Miss BG (short for Big Girl) is a 3D animated series based on the French children's book series "Gudule" authored by Fanny Joly, illustrated by Roser Capdevila and published by Hachette-Jeunesse. The original English version was later dubbed in French under the retitle Bravo Gudule.

The title was copyrighted in 2004 and production began in 2005.

It is a joint Canadian/French production and is distributed by Breakthrough Animation. Fifty-two 30-minute episodes (each having 2 stories, also aired separately as 104 episodes of 15 minutes) have been produced to date.
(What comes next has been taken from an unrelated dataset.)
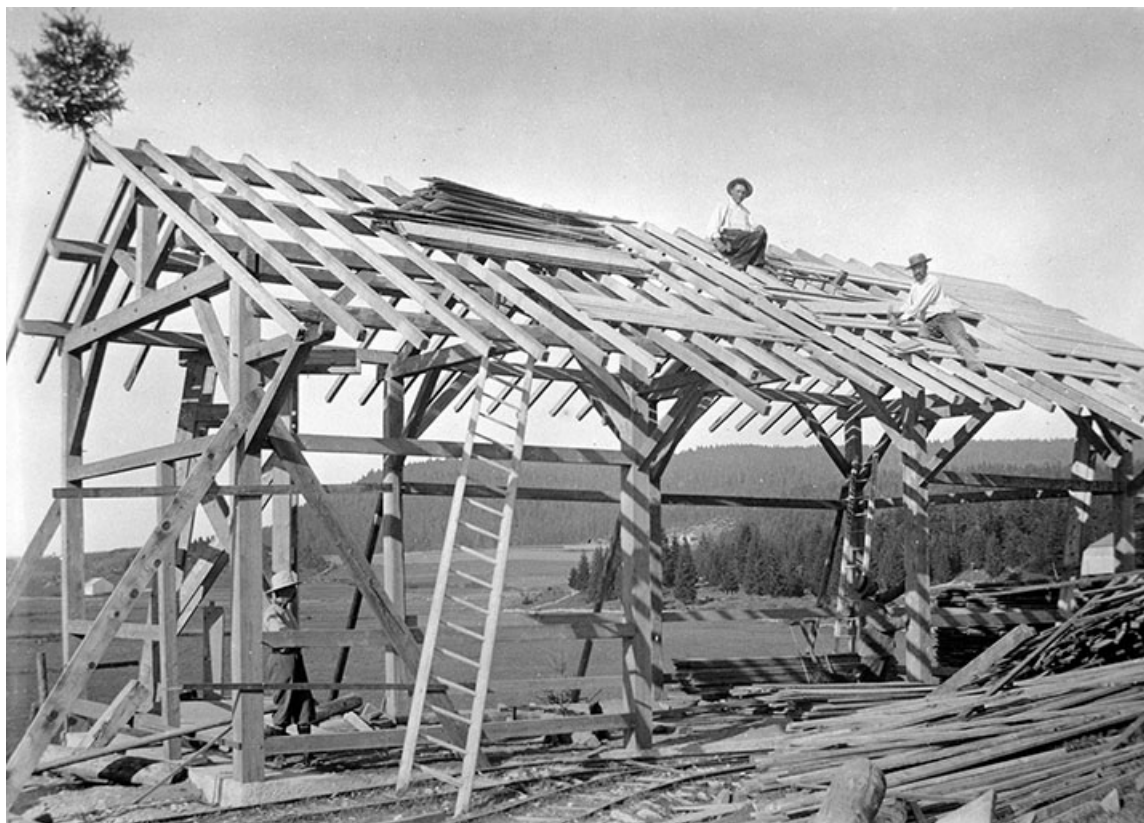
Construction du bâtiment de la parqueteuse.

The developers also described it as having two seasons each having fifty-two 13-minute episodes with two 26-minute specials and twenty-four 2-minute fillers.

Synopsis

"BG" stands for "Bella Gloria" and her surname is Baxter. The main character of the series, Miss BG, is an 8-year-old girl according to Breakthrough Animation. Her brother George has a very active personality and dotes on his pet hamster Albert.
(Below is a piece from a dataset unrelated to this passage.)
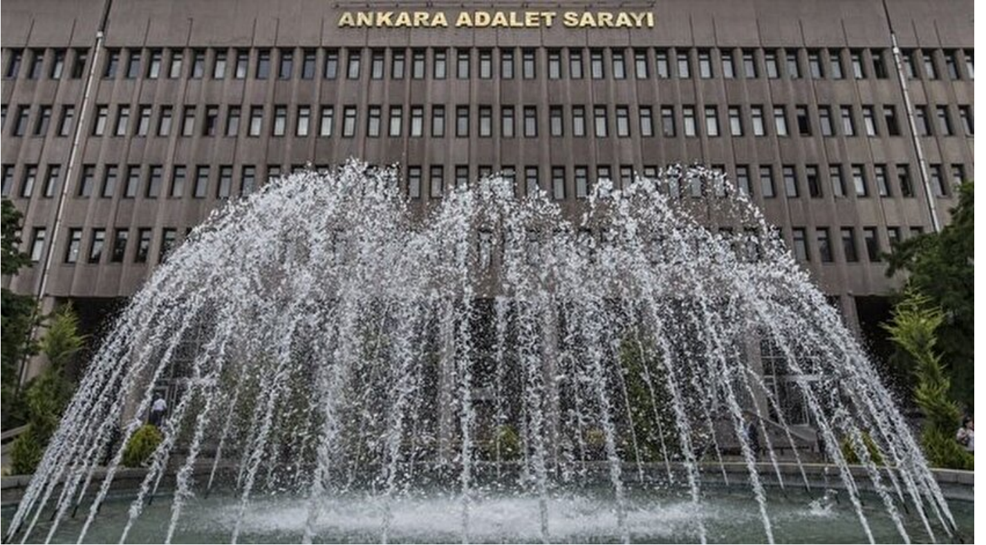
Ankara Adalet Sarayı

Haber Merkezi · 02 Haziran 2017, 17:19 · Son Güncelleme: 02 Haziran 2017, 17:52 · AA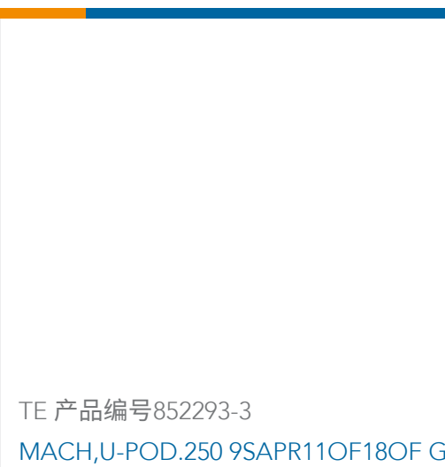
TE 产品编号852293-3 MACH,U-POD.250 9SAPR11OF18OF G

BG is an energetic redhead girl who hangs out in a tree house with two friends, Gad and Alex. Gad's father, Mr. Mansour, owns the neighborhood market while Alex's older brother Robbie is a teenager who often lends a hand when the children need the aid of an older person, escorts them to and from school plus generally chaperones them when they are out and about.

Other characters in the series include Brittany-Ann, a wealthy blonde rival of BG, Kayla, Brittany-Ann's brunette best friend, Billy, a boastful, brown-haired, athletic 9-year-old boy who is also Brittany-Ann's friend and crush, Terri, a teenage girl who babysits Miss BG and George, Alice, her aunt, and Ouma, Gad's grandmother who lives with his family.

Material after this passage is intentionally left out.